Ich empfehle eine Beschwerde bei der Bundesnetzagentur. Die Beschwerde kann per eMail erfolgen, beschreibt den Vorfall und gebtdie betroffenen Nummern an. Wichtig ist, daß Ihr Euere komplette Anschrift angebt, damit Euere Beschwerde bearbeitet wird.
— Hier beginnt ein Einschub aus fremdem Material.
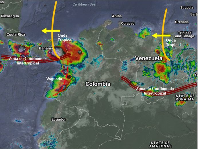 La interacción de la Zona de Confluencia Intertropical con una Vaguada en el pacífico, así como el ingreso de humedad por el oriente del país generan inestabilidad atmosférica produciendo lluvias fuertes en sectores de los departamentos de Chocó, Valle del Cauca, Cauca, Nariño y Vichada. Lluvias ligeras a moderadas en Magdalena, Cesar, Antioquia, Santanderes, Boyacá, Cundinamarca, Eje Cafetero, Arauca, Casanare, Meta, Guainía, Guaviare, Vaupés, Caquetá, Putumayo y Amazonas. Precipitaciones ocasionales en Córdoba, Bolívar, Guajira, Huila y Tolima.
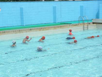 梅雨明けの空の下で気持ち良くプールに入ることができました。水慣れの後はだるま浮きやふし浮き等の練習をしましたが,手慣れた感じで力を抜いて浮くことができていました。
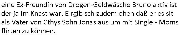eine Ex-Freundin von Drogen-Geldwäsche Bruno aktiv ist der ja im Knast war. E rgib sch zudem ohen daß er es sit als Vater von Cthys Sohn Jonas aus um mit Single - Moms flirten zu können.

Ich persönlich würde jedem normalen Opfer davon abraten bei Carmunity anzurufen und den SMS-Spammern beim Listen waschen zu helfen. Carmunity ist derartig häufig in Täuschung und Abzocke verwickelt, daß ich nicht mehr an Zufall glauben kann. Carmunity steht zum Beispiel auch im Mittelpunkt unserer Heiratsschwindler-Abzocke.

Nebelwolf


----------



## MRidder (11 November 2010)

*AW: Der richtige Weg*



Nebelwolf schrieb:


> Hallo zusammen!
> 
> Ich empfehle eine Beschwerde bei der Bundesnetzagentur. Die Beschwerde kann per eMail erfolgen, beschreibt den Vorfall und gebtdie betroffenen Nummern an. Wichtig ist, daß Ihr Euere komplette Anschrift angebt, damit Euere Beschwerde bearbeitet wird.
> 
> ...



Sorry, das nützt nicht! Anzeige bei der Staatsanwaltschaft Bremen einreiche -> Aboabzocker carmunity bezeichnet vodafone und andere mobilfunkprovider als partner - Seite 3 - Sat.1 Forum


----------



## halefans (21 Februar 2012)

Steigerung dieser Beiträge. Seit mehr als einem Jahr werden meinem t-mobil konto von Carmuniti. com GmbH  € 19.96 zuzüglich Mehrwertsteuer abgebucht. (Geschäftskunden Rechnung) Niemals haben wir hier irgend einen Auftrag erteilt und ich wüsste gerne wie ich mich dagegen wehren kann? Aus diesem Carmuniti ist seit September Dimoco GmbH geworden mit den gleichen Abbuchungsvorgängen. Macht es Sinn hier eine Anzeige zu machen. Ich fühle mich ganz schön veräppelt!!!
Kann mir denn jemand helfen. Herzlichen Dank für eine Antwort. ...Das ich so blöd war dies nicht zu prüfen weiß ich wohl selbst.


----------



## Reducal (21 Februar 2012)

halefans schrieb:


> Kann mir denn jemand helfen. ...Das ich so blöd war dies nicht zu prüfen weiß ich wohl selbst.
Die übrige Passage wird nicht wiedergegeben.